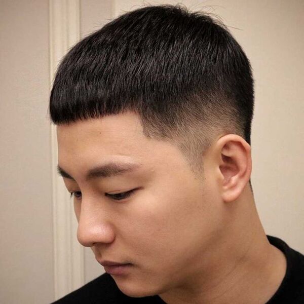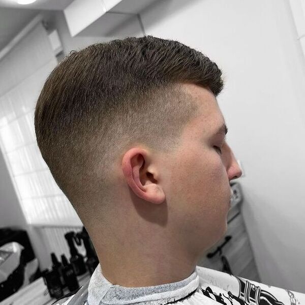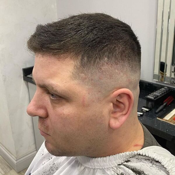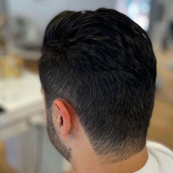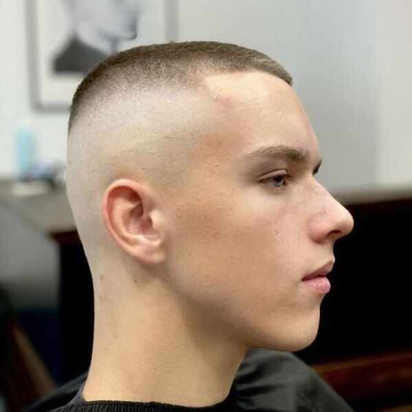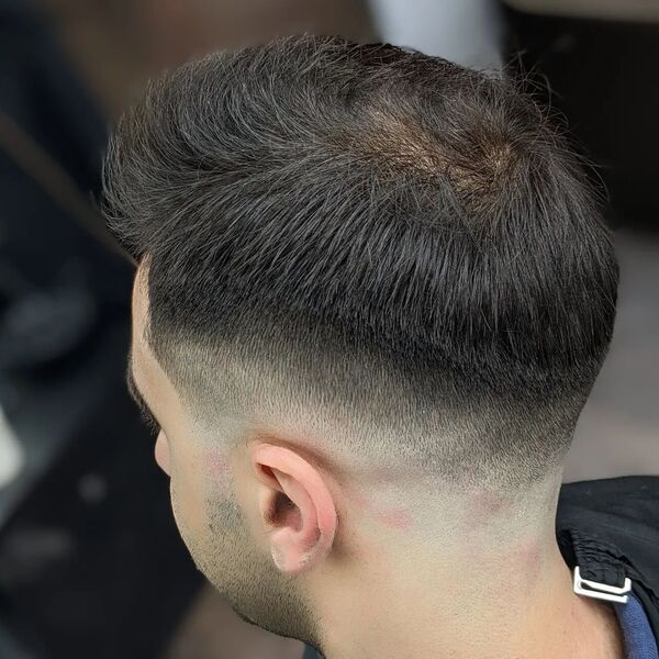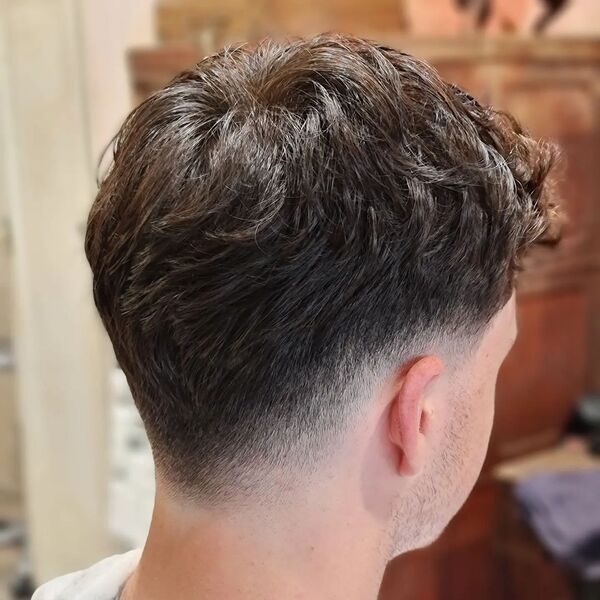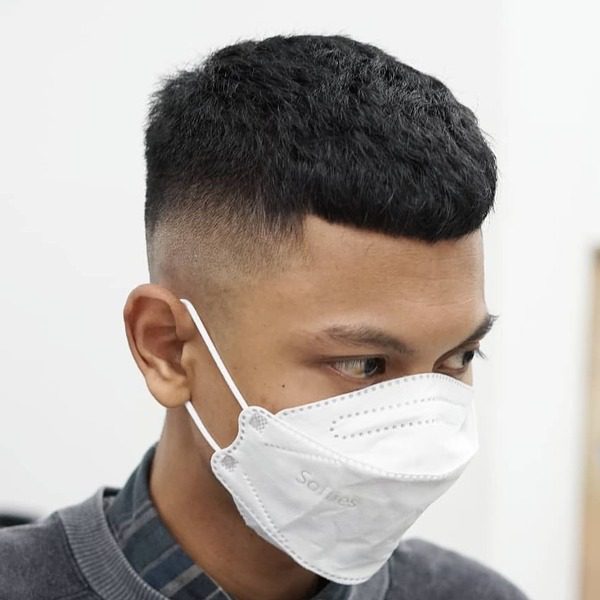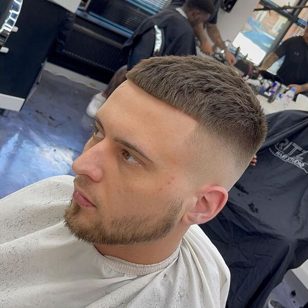 短いフェードで髪の毛を短い側に保つことは、朝のルーチンを削減するのに最適な方法ですが、それでもとてもドープに見えます。ここで彼はフランス式の作物であり、側面の短い髪に消えています。
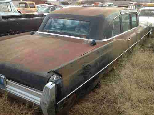 This is a 1964 Cadillac limousine. Just rescued from the Arizona desert. No motor or transmission, fairly nice body. Will need some floor panel repair. Black car like a limo should be. Factory ac. Cruise to your next rat rod car show in style! If you have additional questions please call 435-770-3337. Thanks
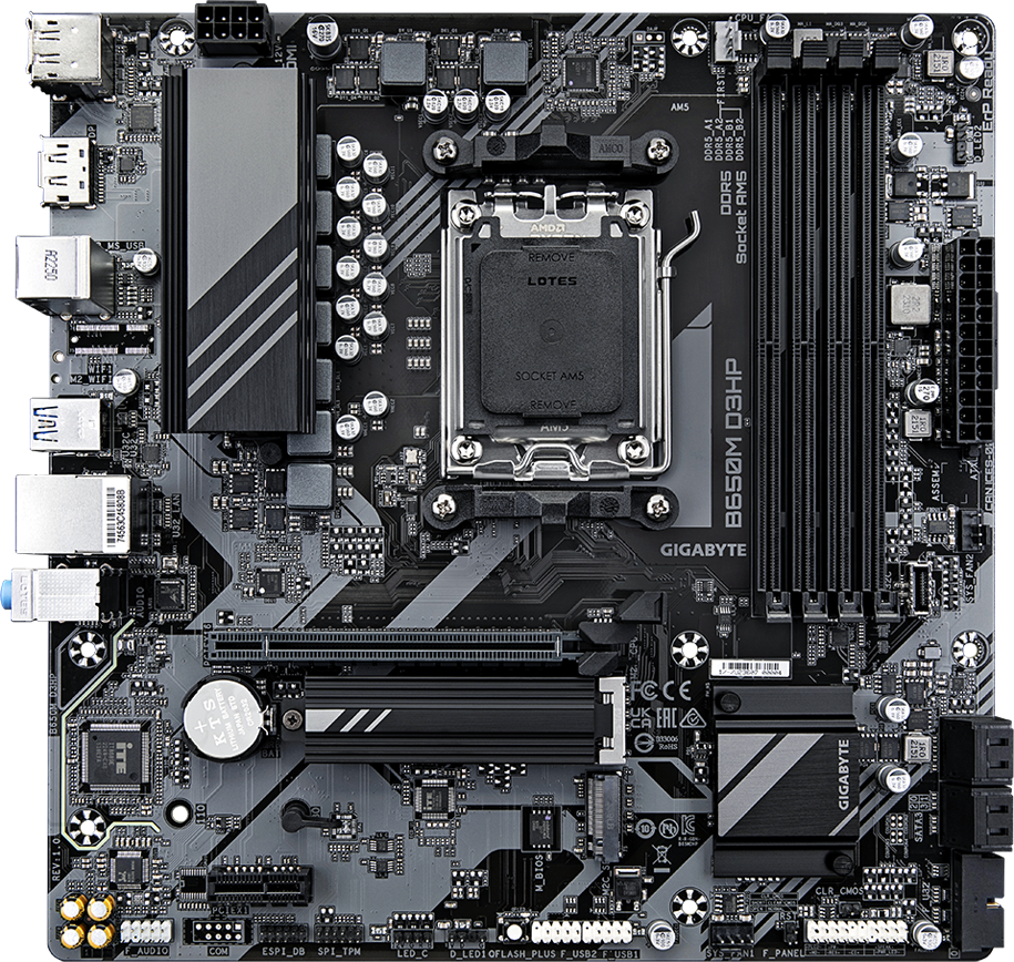 Материнская плата GIGABYTE Socket AM5, AMD B650, 4xDDR5, PCI-E 4.0, 2xM.2, HDMI, DisplayPort, PS/2, mATX (B650M D3HP)
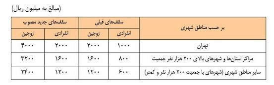 سقف تسهیلات ساخت و خرید مسکن از محل اوراق گواهی حق تقدم استفاده از تسهیلات مسکن در تهران برای زوجین 400 میلیون تومان و بهصورت انفرادی 200 میلیون تومان، در مراکز استانها و شهرهای بالای 200 هزار نفر جمعیت برای زوجین 320 میلیون تومان و به صورت انفرادی 160 میلیون تومان و در سایر مناطق شهری با جمعیت 200 هزار نفر و کمتر برای زوجین 240 میلیون تومان و بصورت انفرادی 120 میلیون تومان تعیین شد.

◆ Problem to work on
The lines running from the beginning of the listing above through the line that holds "Материнская плата GIGABYTE" are to be duplicated exactly, both ends kept, pictures omitted.

◆ Solution for this problem
 短いフェードで髪の毛を短い側に保つことは、朝のルーチンを削減するのに最適な方法ですが、それでもとてもドープに見えます。ここで彼はフランス式の作物であり、側面の短い髪に消えています。
 This is a 1964 Cadillac limousine. Just rescued from the Arizona desert. No motor or transmission, fairly nice body. Will need some floor panel repair. Black car like a limo should be. Factory ac. Cruise to your next rat rod car show in style! If you have additional questions please call 435-770-3337. Thanks
 Материнская плата GIGABYTE Socket AM5, AMD B650, 4xDDR5, PCI-E 4.0, 2xM.2, HDMI, DisplayPort, PS/2, mATX (B650M D3HP)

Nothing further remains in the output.